**What to do**
Every entry below is to be copied exactly, apart from any picture it holds.

** Material provided follows **

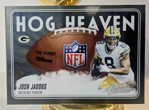 The product is a 2025 Panini Absolute Hog Heaven trading card featuring Josh Jacobs of the Green Bay Packers in the National Football League (NFL). This sports trading card is part of the Hog Heaven insert set, adding a unique element to the card. As a base card with the card number HH-JJS, it is a sought-after collectible for fans and collectors alike.
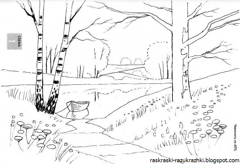 ![Весенний пейзаж раскраска]()
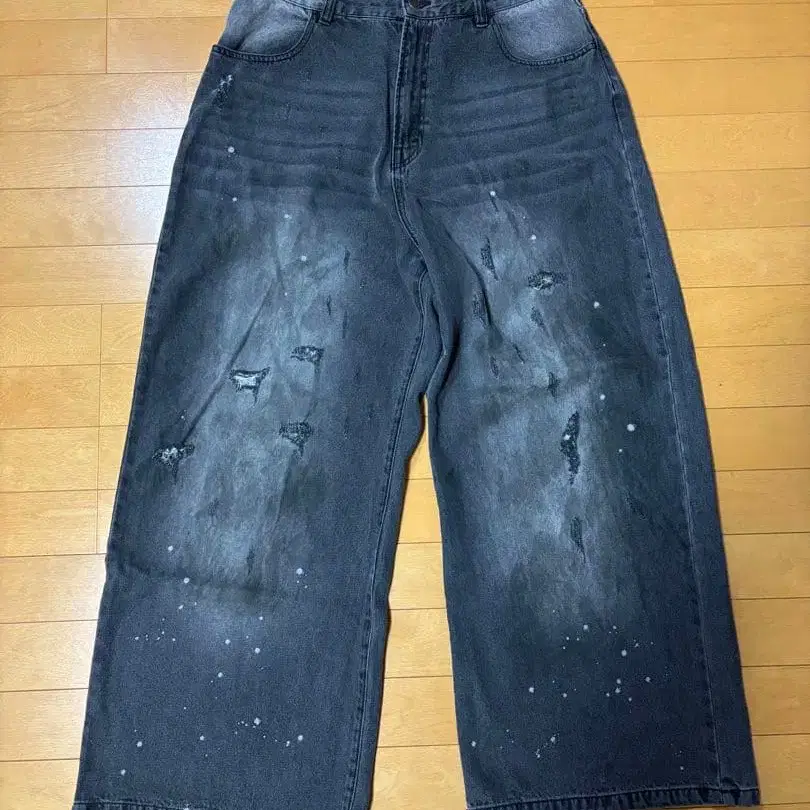 kutir 데미지 가공 와이드 팬츠 다크 그레이
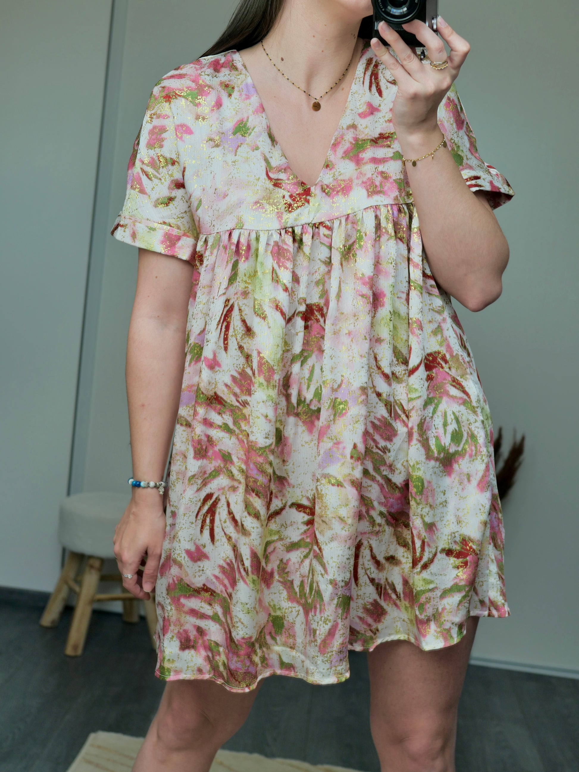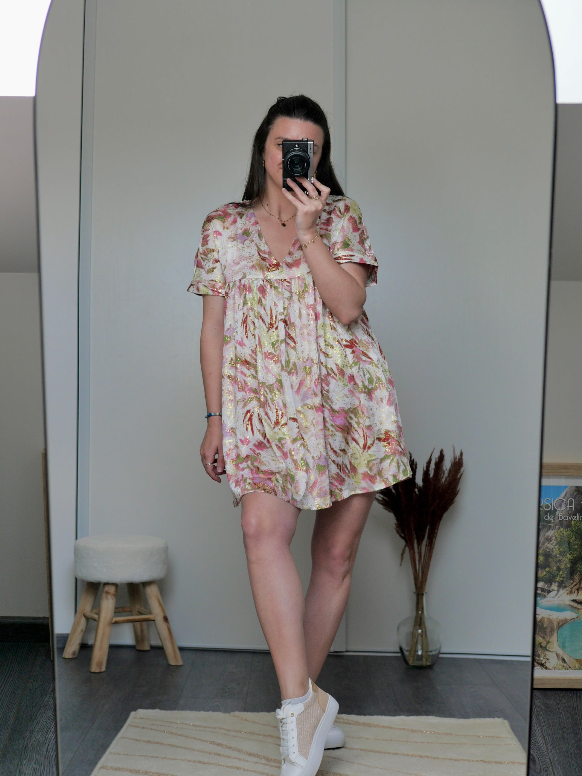 Cette robe courte vous fera succomber par ses détails de couleurs, mais aussi par son short intégré ainsi que son petit dos nu.
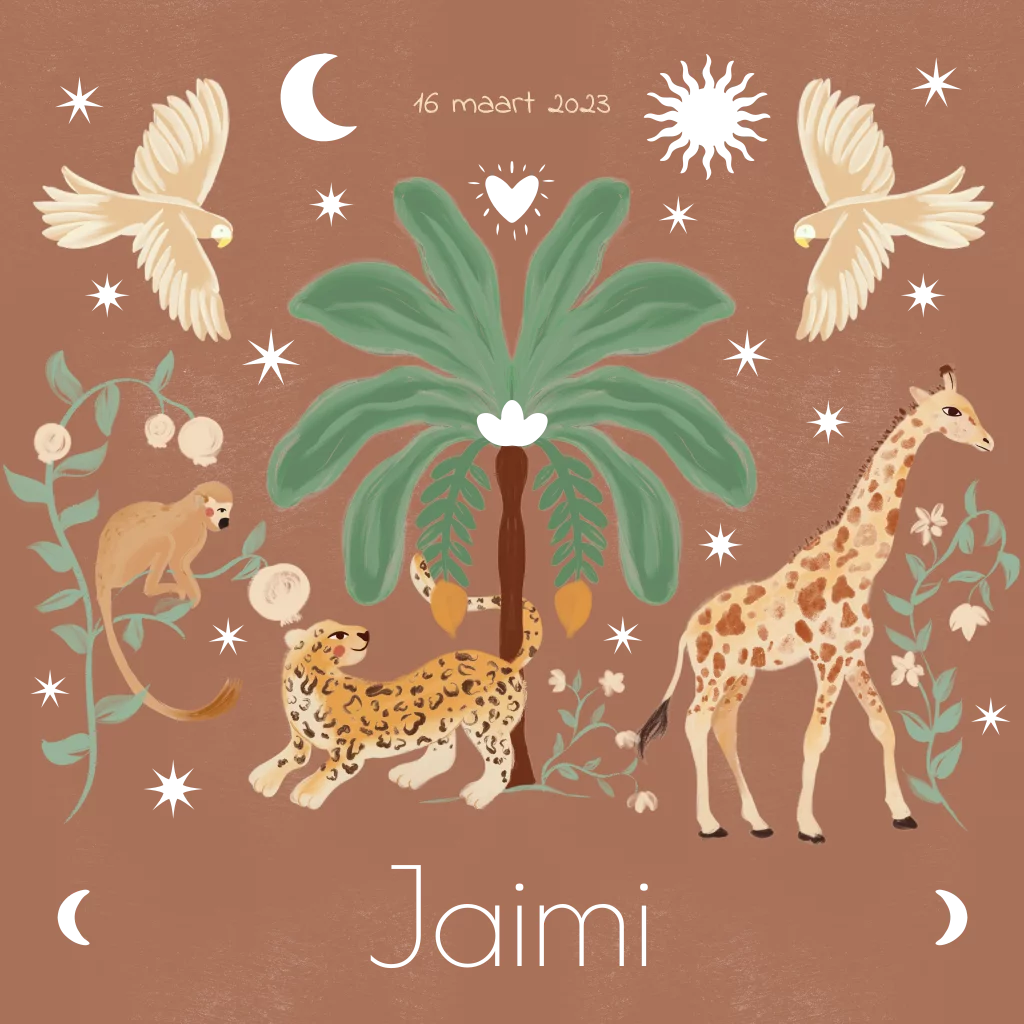 Een vierkant geboortekaartje met een jungle thema. Het geboortekaartje is ook verkrijgbaar in andere kleuren en vormen.
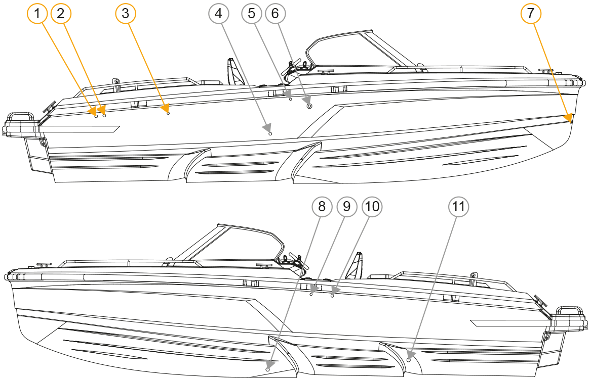 Järgmised joonised näitavad avade asukohta keres ja pealisehitistes (tekist kõrgemal).
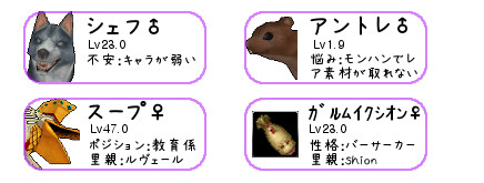 スープ (♀) Lv : 47.0 Hp : 230 忠誠心 : 20
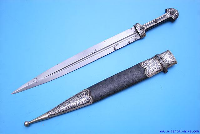 This Kindjal dagger is most probably from Dagestan, late 19 or early 20 C. Blade with classical off centered fuller, 15 inches long. Horn grips with nielloed silver mounts. Original scabbard with silver nielloed mounts. Total length 21 1/2 inches. Good condition. Minor edge nicks on the blade. Dents and minor loss of niello in the silver mounts. Scabbard tip repaired. Low price.
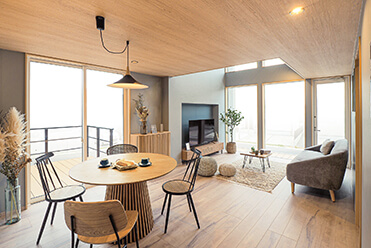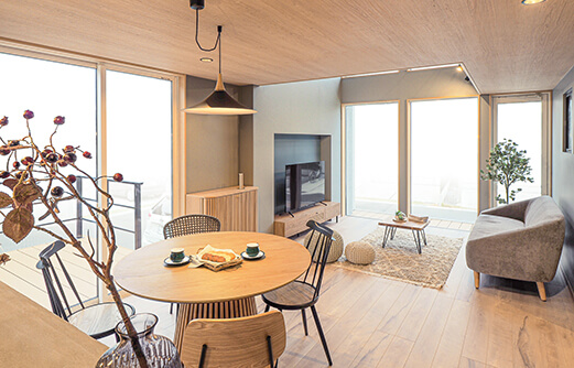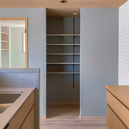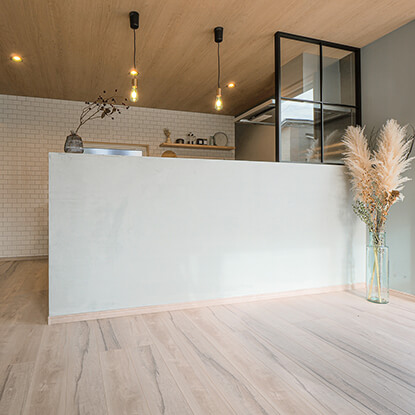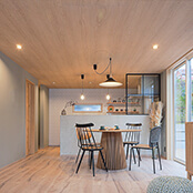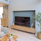 木目とブルーグレーをテーマカラーにしたLDK。上品なブルーグレーに木目をバランスよく調和させることで、ぬくもりや安らぎを感じることができる空間となっています。
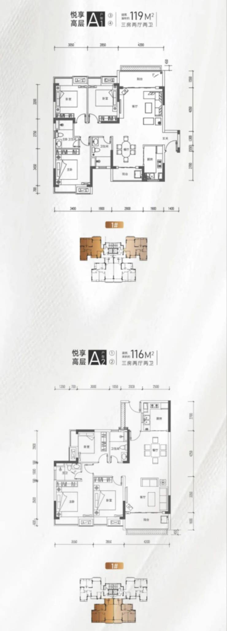 在售户型:建筑面积约99-100㎡三房两厅一卫、约116-119㎡三房两厅两卫
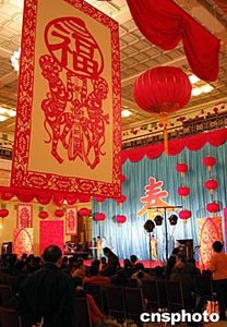 北京人民大會(huì)堂春節(jié)前夕舉行聯(lián)歡會(huì),明亮的大廳內(nèi)高懸福字,慶祝中國(guó)農(nóng)歷猴年的到來(lái)。中新社記者:毛建軍
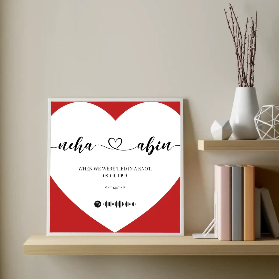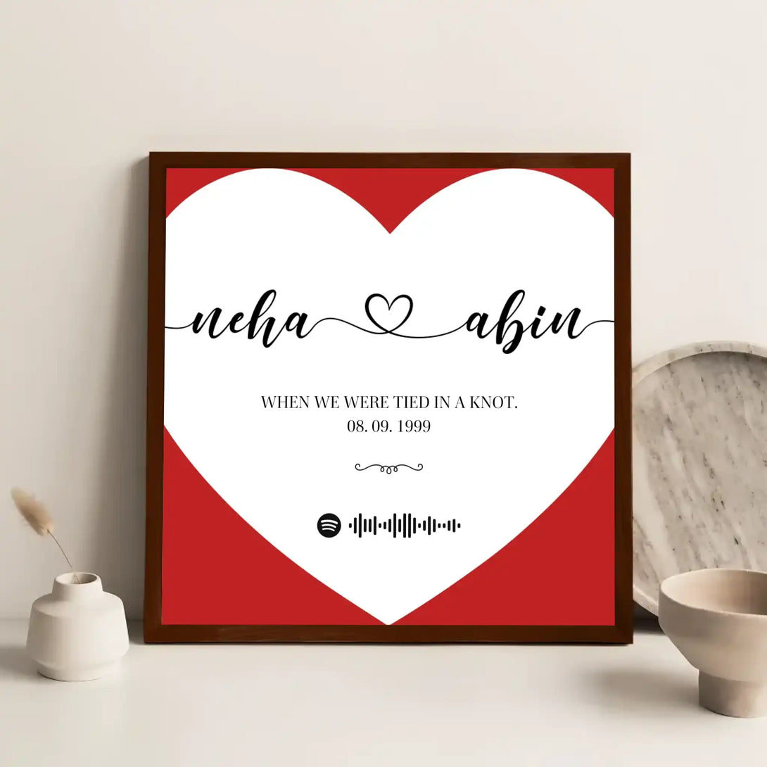 The desk photo frame comes with the option to add your own name, message, and date to the design, making it a perfect gift for a loved one or a special way to commemorate an important event. The heart artwork and personalized details are expertly printed onto high-quality, durable materials that will stand the test of time.
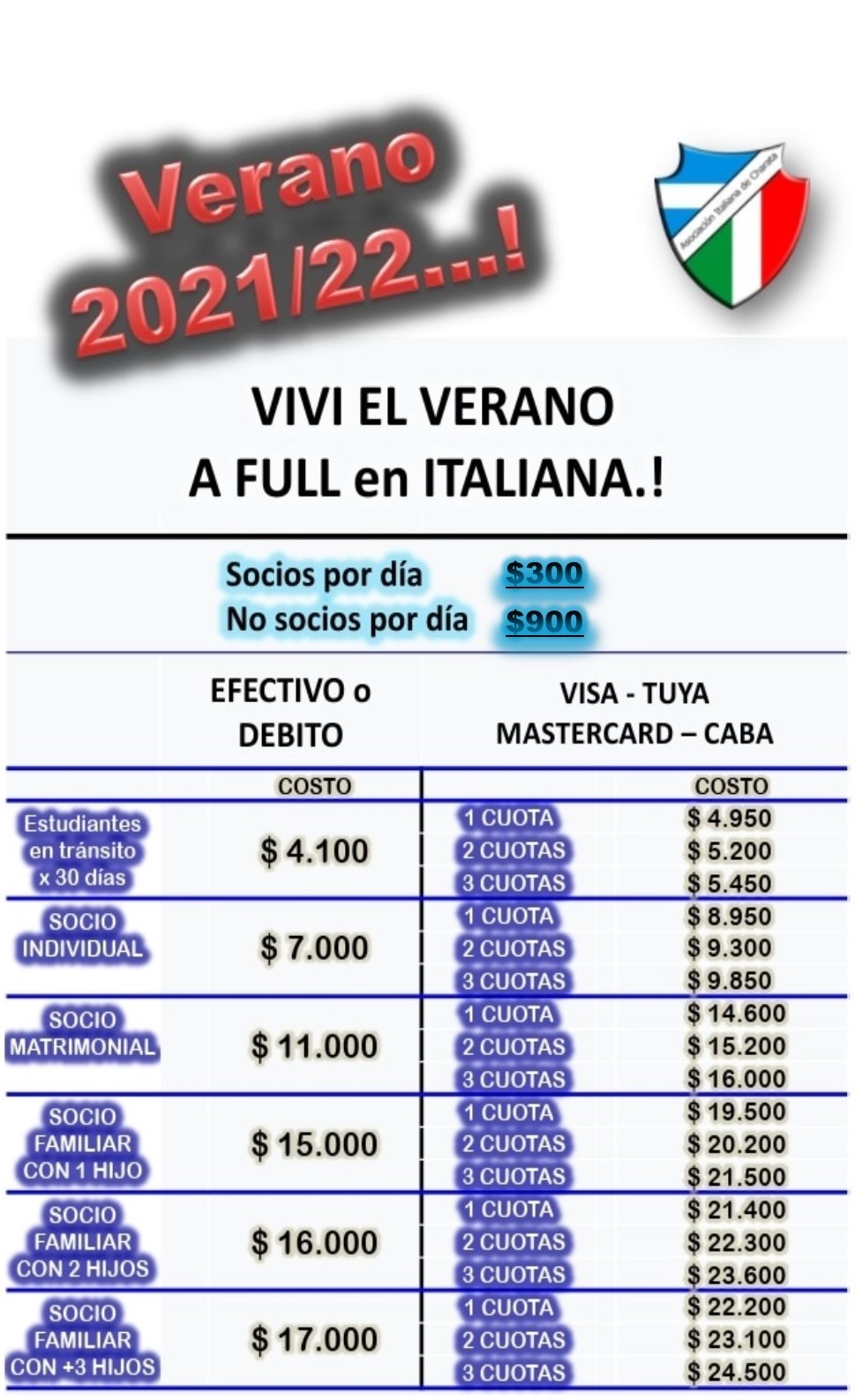 El natatorio de Italiana de espera. Asociate y disfrutá de la temporada de verano a valores económicos en sus distintas categorías ( individual, matrimonial o familiar). Además, aceptamos distintas formas de pago con tarjeta y en cuotas. No te quedes en casa con las dudas y acercate a secretaría o llamanos al 3731 421633. Contamos con wifi, cantina, reposeras, sombrillas, playón deportivo, cámaras de vigilancia y guardavidas en el Natatorio ubicado en el centro de la ciudad de Charata. El verano lo vivís en Italiana.-
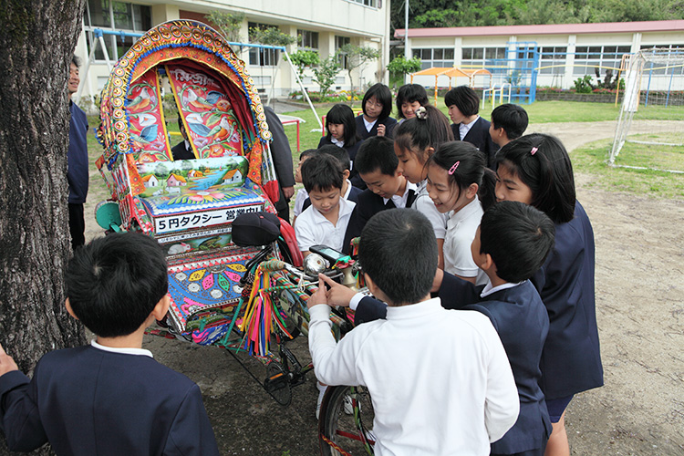 種子島中部にある納官小学校は生徒数19人の小さな学校だ。この小学校の全校集会(といっても19人しかいないわけだが)に呼ばれて話をすることになったのは、朝たまたまリキシャで学校の前を通りかかったときに、校長先生と出会ったからだった。僕のリキシャをおもしろがってくれた松尾校長が「ぜひ子供たちにも見せてあげたいな」と言って学校の中に誘ってくれたのだ。
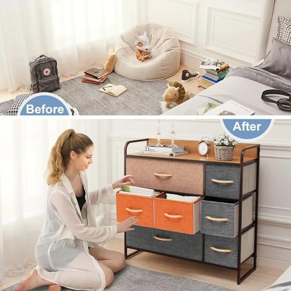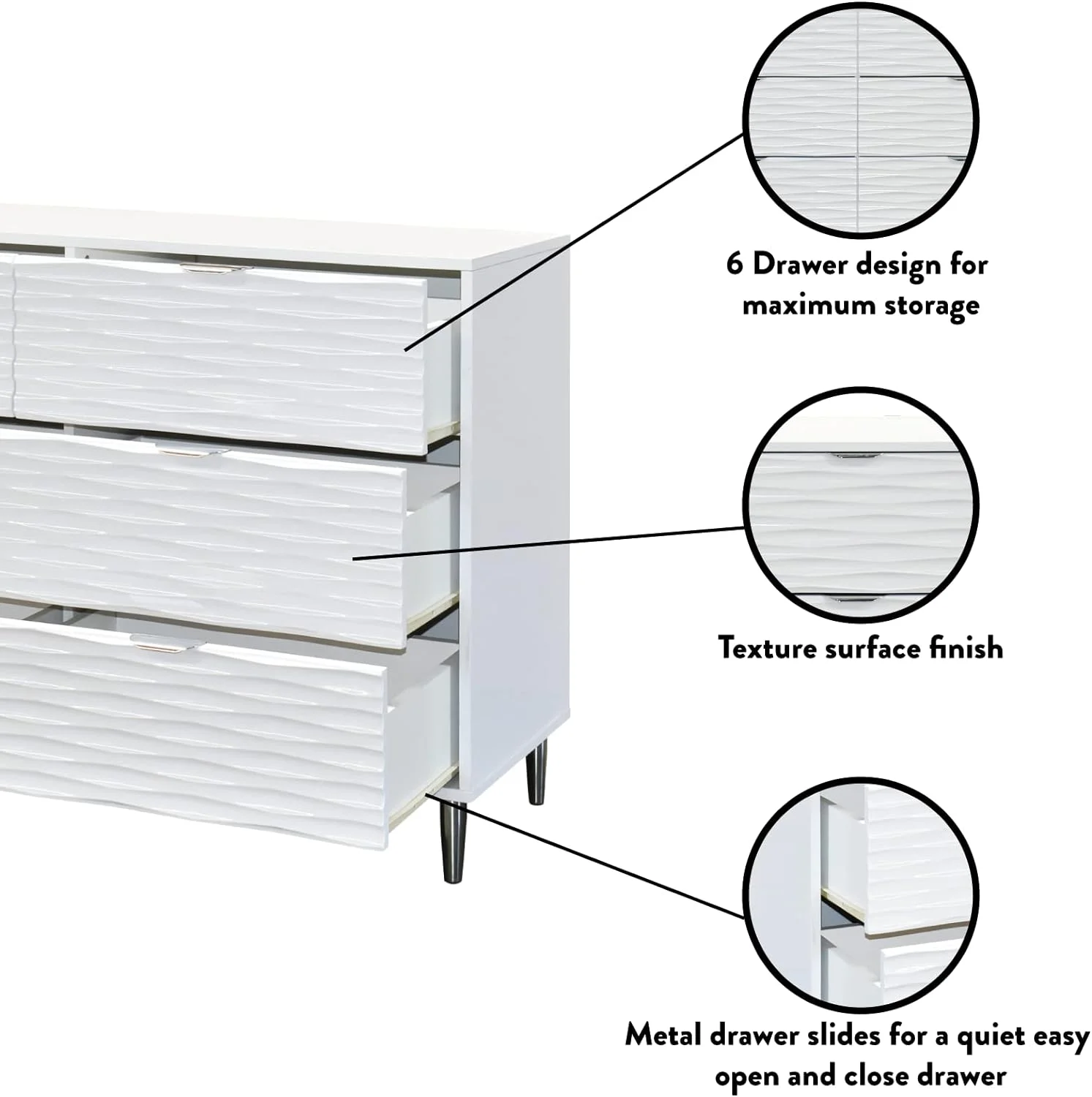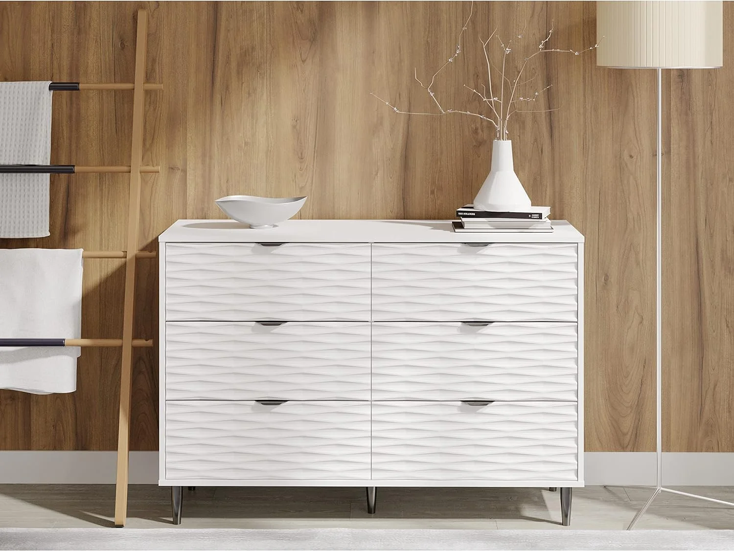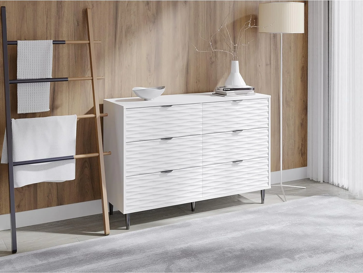 Benjara Wooden Dresser with 6 Drawers and Chamfered Legs, Cherry Brown

** End of Material provided **

**Expected output**
 The product is a 2025 Panini Absolute Hog Heaven trading card featuring Josh Jacobs of the Green Bay Packers in the National Football League (NFL). This sports trading card is part of the Hog Heaven insert set, adding a unique element to the card. As a base card with the card number HH-JJS, it is a sought-after collectible for fans and collectors alike.
 ![Весенний пейзаж раскраска]()
 kutir 데미지 가공 와이드 팬츠 다크 그레이
 Cette robe courte vous fera succomber par ses détails de couleurs, mais aussi par son short intégré ainsi que son petit dos nu.
 Een vierkant geboortekaartje met een jungle thema. Het geboortekaartje is ook verkrijgbaar in andere kleuren en vormen.
 Järgmised joonised näitavad avade asukohta keres ja pealisehitistes (tekist kõrgemal).
 スープ (♀) Lv : 47.0 Hp : 230 忠誠心 : 20
 This Kindjal dagger is most probably from Dagestan, late 19 or early 20 C. Blade with classical off centered fuller, 15 inches long. Horn grips with nielloed silver mounts. Original scabbard with silver nielloed mounts. Total length 21 1/2 inches. Good condition. Minor edge nicks on the blade. Dents and minor loss of niello in the silver mounts. Scabbard tip repaired. Low price.
 木目とブルーグレーをテーマカラーにしたLDK。上品なブルーグレーに木目をバランスよく調和させることで、ぬくもりや安らぎを感じることができる空間となっています。
 在售户型:建筑面积约99-100㎡三房两厅一卫、约116-119㎡三房两厅两卫
 北京人民大會(huì)堂春節(jié)前夕舉行聯(lián)歡會(huì),明亮的大廳內(nèi)高懸福字,慶祝中國(guó)農(nóng)歷猴年的到來(lái)。中新社記者:毛建軍
 The desk photo frame comes with the option to add your own name, message, and date to the design, making it a perfect gift for a loved one or a special way to commemorate an important event. The heart artwork and personalized details are expertly printed onto high-quality, durable materials that will stand the test of time.
 El natatorio de Italiana de espera. Asociate y disfrutá de la temporada de verano a valores económicos en sus distintas categorías ( individual, matrimonial o familiar). Además, aceptamos distintas formas de pago con tarjeta y en cuotas. No te quedes en casa con las dudas y acercate a secretaría o llamanos al 3731 421633. Contamos con wifi, cantina, reposeras, sombrillas, playón deportivo, cámaras de vigilancia y guardavidas en el Natatorio ubicado en el centro de la ciudad de Charata. El verano lo vivís en Italiana.-
 種子島中部にある納官小学校は生徒数19人の小さな学校だ。この小学校の全校集会(といっても19人しかいないわけだが)に呼ばれて話をすることになったのは、朝たまたまリキシャで学校の前を通りかかったときに、校長先生と出会ったからだった。僕のリキシャをおもしろがってくれた松尾校長が「ぜひ子供たちにも見せてあげたいな」と言って学校の中に誘ってくれたのだ。
 Benjara Wooden Dresser with 6 Drawers and Chamfered Legs, Cherry Brown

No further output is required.